Lo verdaderamente inquietante es escuchar una obra, o ver un cuadro de un autor desconocido, analizarlo poniendo en juego todos nuestros conocimientos estéticos y, tras encuadrarlo con certeza entre 1580 y 1650, enterarnos de que el autor murió en 1522… Eso desconcierta bastante, no? Ciertamente, son casos raros: artistas quizás con poco oficio que suplen las carencias técnicas con riesgos muy temerarios. La mayoría de estos artistas que parecen haber anticipado ellos solos el devenir del Arte en más de cien años, no pertenecen a ninguna escuela; ni la generan: están desasidos de la organicidad del avance en Arte (si es que el Arte avanza hacia algún sitio, cosa que dudo; más bien creo que deambula).

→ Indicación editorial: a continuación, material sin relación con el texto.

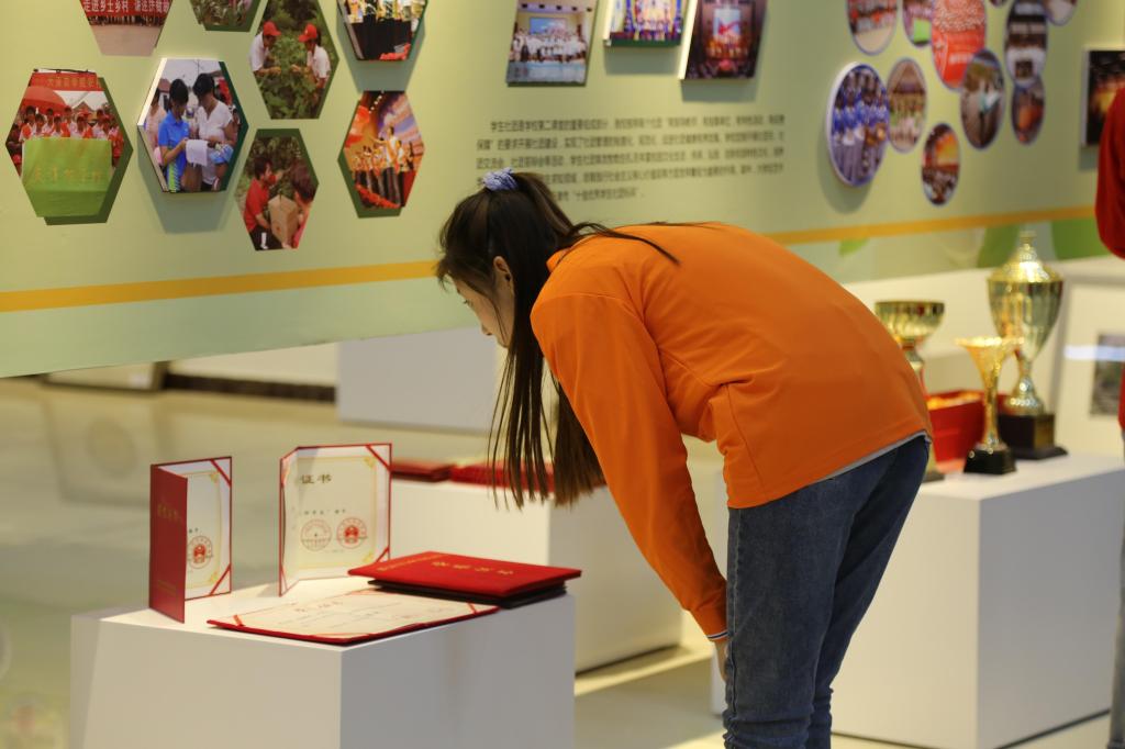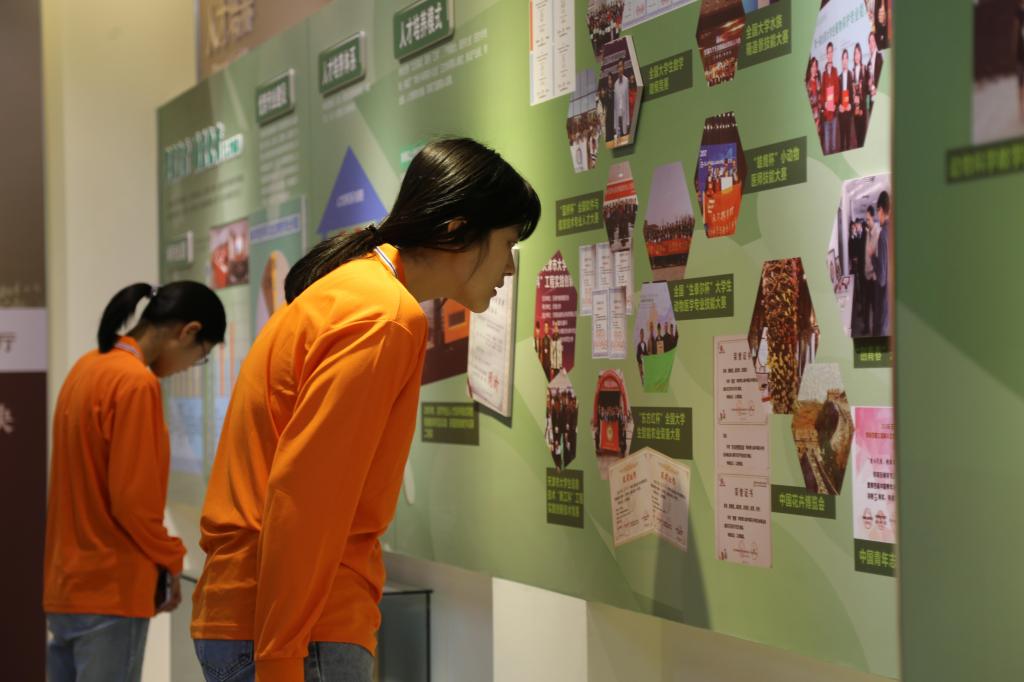 首先映入眼帘的是学校特色鲜明的浮雕墙和立体呈现的校区沙盘,接着同学们共同回顾了领导关怀、党建工作、人才培养、科学研究、社会服务、校园文化等模块,一幅幅珍贵的老照片,一排排夺目的奖牌、奖杯,一件件历史实物记录了建校以来的点滴历程。同学们在对学校的发展历程和现状惊叹的同时,更加深刻地理解了365官网“敏学切问、躬勤耕稼”校训的深层含义。

Caso diferente es el del príncipe Gesualdo, quien, como era noble y estaba íntimamente emparentado con la cúpula eclesiástica (la cual no entraba en censurarle ni un pasaje de sus increíbles obras), podía permitirse el lujo de transgredir todas las normas habidas y por haber en el Contrapunto, aunque éste fuera el que se practicaba en el Manierismo; es evidente que no tenía que vivir de su música; experimentaba, por lo tanto, más allá de los límites de lo tolerable, incluso para los oídos actuales.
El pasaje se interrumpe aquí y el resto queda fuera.